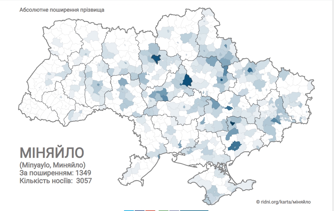 Прізвище Міняйло налічує 3057 носіїв. За поширенням посідає 1349 місце. Найчастіше зустрічається на Наддніпрянщині. Поселення компактного проживання: Запоріжжя (234), Полтава (133), Київ (115) Харків (86), Дніпро (85). Найпопулярніші імена: Олександр, Наталія.
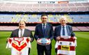 El FC Barcelona, conjuntamente con los Dragons Catalans de Perpiñán y el Wigan inglés, han anunciado hoy que el próximo 18 de mayo, a las 16.00 horas, el Camp Nou acogerá el partido que enfrentará a los dos clubes en la Super League de rugby a 13. El anuncio se ha oficializado hoy en un acto celebrado en el Camp Nou con la presencia de los presidentes de los tres clubes implicados, Josep Maria Bartomeu, como anfitrión, Bernard Guasch, máximo dirigente de los Dragons Catalanes, e Ian Lenagan, presidente del Wigan, los cuales han podido disfrutar de una visita por el Museo del FC Barcelona para conocer la historia del Barça y ver de primera mano el Camp Nou.
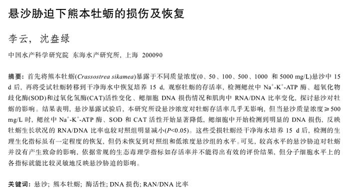 懸沙脅迫下熊本牡蠣的損傷及恢復(fù)
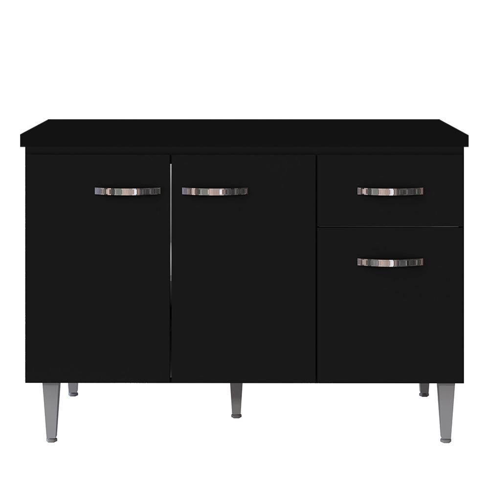 Balcão Gabinete Para Pia Com Tampo 120cm 3 Portas e 1 Gaveta Gabriela Preto - AJL Móveis
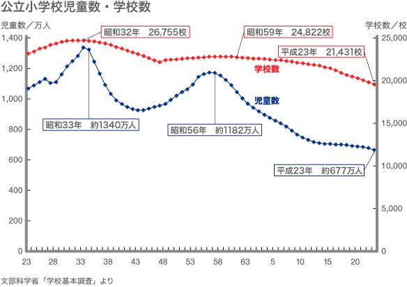 日本は、戦後のベビーブーム世代の就学期が過ぎた1960年代にこどもの急減を経験している。このときは、当時の文部省が統廃合の旗を振り現場の経費削減を求めた。しかし、性急な統廃合を求めたことで地域住民の間にあつれきを生む結果となり、第2次ベビーブームを機に、無理に統廃合を進めるべきではないと姿勢を転じた。あまり財政の論理を振りかざし過ぎると現場の反発を招き、統廃合が進まなくなるという経験をしている。
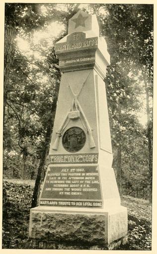 | Keywords: 3rd MD Infantry p60.jpg en 3rd Maryland Infantry Monument Gettysburg Battlefield Report of the State of Maryland Gettysburg Monument Commission Baltimore Wiliam K Boyle Son 1891 opp p 60 https //archive org/stream/reportofstateofm00mary page/n7/mode/2up Report of the State of Maryland Gettysburg Monument Commission Baltimore Wiliam K Boyle Son 1891 W H Tipton photographer 1891 PD-Old Battle of Gettysburg memorials Maryland 003 PD-US | ||||
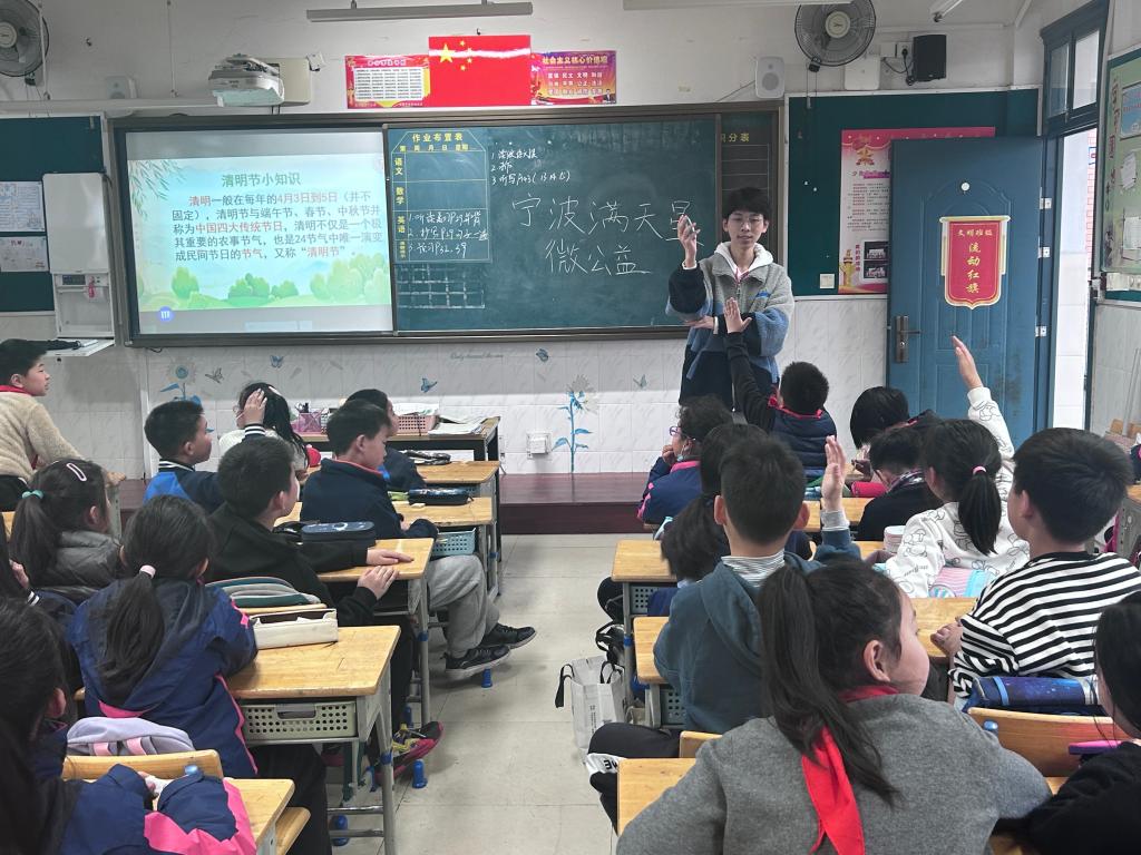 2023年3月31日,yl23411永利官网登录满天星微公益活动的志愿者们来到宋诏桥小学,给四年级的小朋友们开展了一堂以“清明融于情,红色润于心”为主题的班会课,此次活动主要是为了让小朋友们了解我国清明节的相关知识。
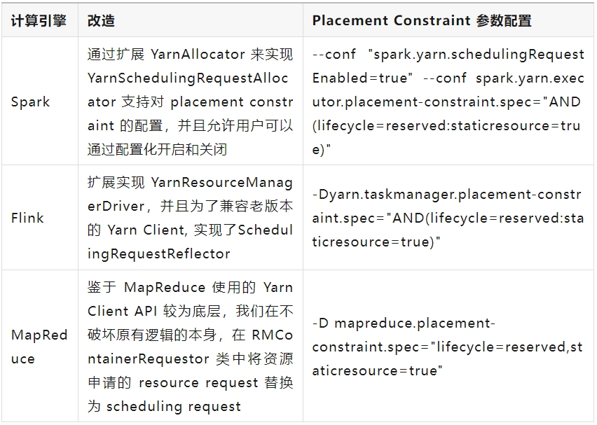 YARN Node Attribute 特性需要结合计算任务设定 task 放置约束 (YARN Placement Constraint) 来实现,但是各个计算引擎均未支持此功能,因此我们对 Flink、Spark、MapReduce 等计算引擎进行了改造适配(尚未贡献给开源社区)。
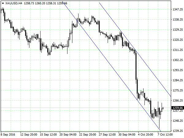 【策略分析】 现货黄金(XAUUSD):金价隔日从上周录得的11月来最大周度跌幅中反弹,因上周五美国公布的就业数据低迷,打压了美国短期内加息前景,且在中国国庆黄金周假期后,中国买家重返市场。上周金价大跌4.5%,并在上周五触及四个月低点每盎司1241.20美元,跌穿在1300美元的支撑位后触动一波技术性卖盘。技术图表显示,
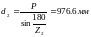 8) Делительный диаметр ведомой звездочки:

==*==

**TASK GOAL**
Only the lines from the start of the records to the line with "El FC Barcelona, conjuntamente" belong in the copy. Print them exactly, minus pictures.

**RESPONSE AREA**
 Прізвище Міняйло налічує 3057 носіїв. За поширенням посідає 1349 місце. Найчастіше зустрічається на Наддніпрянщині. Поселення компактного проживання: Запоріжжя (234), Полтава (133), Київ (115) Харків (86), Дніпро (85). Найпопулярніші імена: Олександр, Наталія.
 El FC Barcelona, conjuntamente con los Dragons Catalans de Perpiñán y el Wigan inglés, han anunciado hoy que el próximo 18 de mayo, a las 16.00 horas, el Camp Nou acogerá el partido que enfrentará a los dos clubes en la Super League de rugby a 13. El anuncio se ha oficializado hoy en un acto celebrado en el Camp Nou con la presencia de los presidentes de los tres clubes implicados, Josep Maria Bartomeu, como anfitrión, Bernard Guasch, máximo dirigente de los Dragons Catalanes, e Ian Lenagan, presidente del Wigan, los cuales han podido disfrutar de una visita por el Museo del FC Barcelona para conocer la historia del Barça y ver de primera mano el Camp Nou.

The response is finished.